With just a single USB cable, the ESP-SparkBot transforms into a plug-and-play USB secondary display. It supports bi-directional audio transmission and touch control, enabling it to function as both a speaker and a microphone. In addition to providing smooth video streaming for TV shows, it offers an immersive experience for gaming, including esports and AAA titles.



<!-- <video controls width="640" height="480"> <source src="./img/usb-screen-mirror.webm" type="video/webm"> -->

{{< youtubeLite id="meZDJf8QTdM" label="USB Screen Mirror" params="start=294&end=3301&controls=0" >}}

## Hardware Design

The hardware system of the ESP-SparkBot is composed as follows:


{{< figure
default=true
src="img/sparkbot-hardware.webp"
height=500
caption="ESP-SparkBot Hardware Design"
>}}


### Description of Different Circuit Blocks

- **Main MCU**: [ESP32-S3-WROOM-1-N16R8](https://www.espressif.com/sites/default/files/documentation/esp32-s3-wroom-1_wroom-1u_datasheet_en.pdf) module,responsible for controlling the entire system. In includes both connectivity (Wi-Fi and Bluetooth) and peripherals (LCD, camera and audio).

- **Camera**: Uses a DVP interface camera, whose model is [OV2640](https://www.waveshare.com/w/upload/9/92/Ov2640_ds_1.8_.pdf). It is used for capture images and transmit video streams.

- **Audio**: An audio module is used for both microphone input and speaker output. It transmits digital audio data via the I2S interface and drives the speaker to play audio signals through an audio amplifier circuit.

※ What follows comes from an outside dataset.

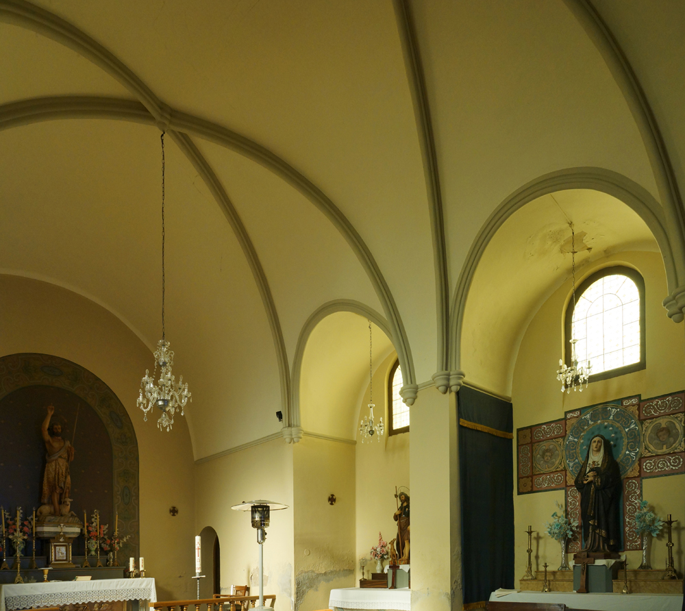 La cubrición se resuelve con bóvedas de crucería en los tramos centrales, y, con cañón, tanto en el resto de los tramos de la nave como en las capillas.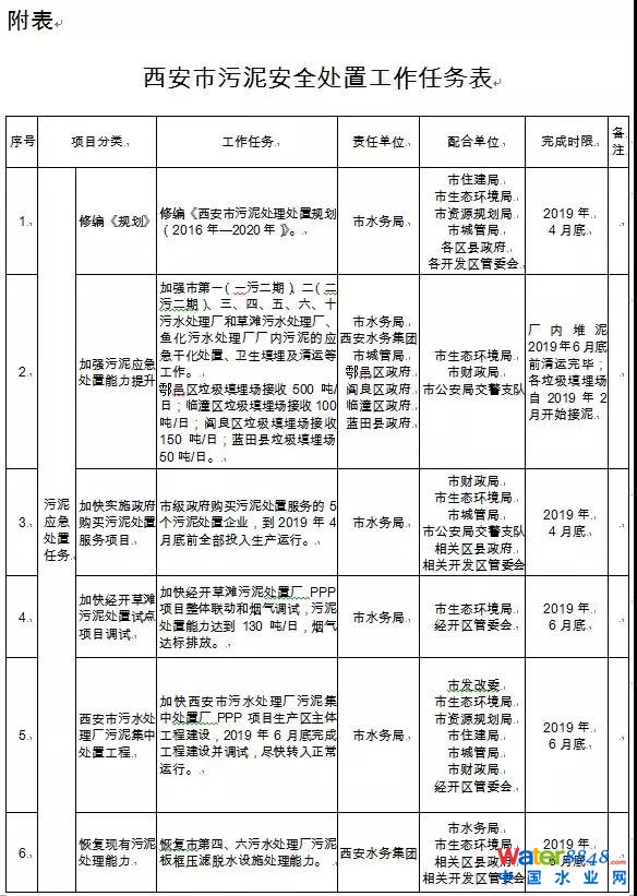 《方案》明確,2019年6月底前完成污水處理廠廠內(nèi)堆存污泥處置和清運(yùn)。西安市水務(wù)局立即啟動(dòng)《西安市污泥處理處置規(guī)劃(2016年—2020年)》修編工作,4月底前完成修編。

- **LCD (Display)**: 1.54-inch with 240x240 pixel resolution. This LCD is equipped with the ST7789 controller.

- **USB Type-C (USB-C Interface)**: Supports USB Type-C connection for device power supply and data transmission. Support USB serial communication for debugging and flashing firmware.

- **DC-DC Converter** : Responsible for converting the input voltage to the stable voltage required by the ESP32-S3 and other modules.

- **Connector Pins (External Connectors)**: Connection interfaces for external devices, facilitating interconnection with other modules or development boards. Can be used for expanding functionality and debugging.

- **Touch (Touch Circuit)**: Touch sensing circuit for detecting user touch operations.

- **Microphone Module**: Microphone signal biasing network.

- **Power Switching Circuit**: Responsible for switching between different power inputs (such as battery and USB). Ensures stable operation of the device under multiple power supply methods.

- **Lithium Battery Charging Circuit**: Manages the charging process of the lithium battery, supporting battery overcharge protection and constant current/constant voltage charging. Provides a portable power solution for the device.

- **IMU (BMI270) (Inertial Measurement Unit)**: Used for detect the acceleration and angular velocity. It realizes motion detection, attitude detection and gesture recognition functions.

- **Button**: Detects button input for user interaction, enabling function switching or mode selection.

Complete open-source hardware resources are available at [ESP-SparkBot](https://oshwlab.com/hawaii0707/esp-sparkbot). For more ESP hardware design instructions, please refer to the [ESP Hardware Design Guidelines](https://docs.espressif.com/projects/esp-hardware-design-guidelines/en/latest/esp32s3/index.html#esp-hardware-design-guidelines)


## Software Design

The software code for the ESP-SparkBot AI robot is fully open-source and available at [esp-friends/esp_sparkbot](https://gitee.com/esp-friends/esp_sparkbot). This repository includes a series of sample projects designed to showcase the full capabilities of the ESP-SparkBot. For more details, see: [ESP-SparkBot examples](https://gitee.com/esp-friends/esp_sparkbot/tree/master/example).

## Conclusion

The ESP-SparkBot is a versatile AI-powered robot offering voice interaction, facial recognition, motion detection, and multimedia features for smart home, office, and entertainment use. With both its hardware and software being open-source, and welcoming contributions from the community, it makes advanced AI accessible and practical for everyday applications, enhancing both personal and professional experiences.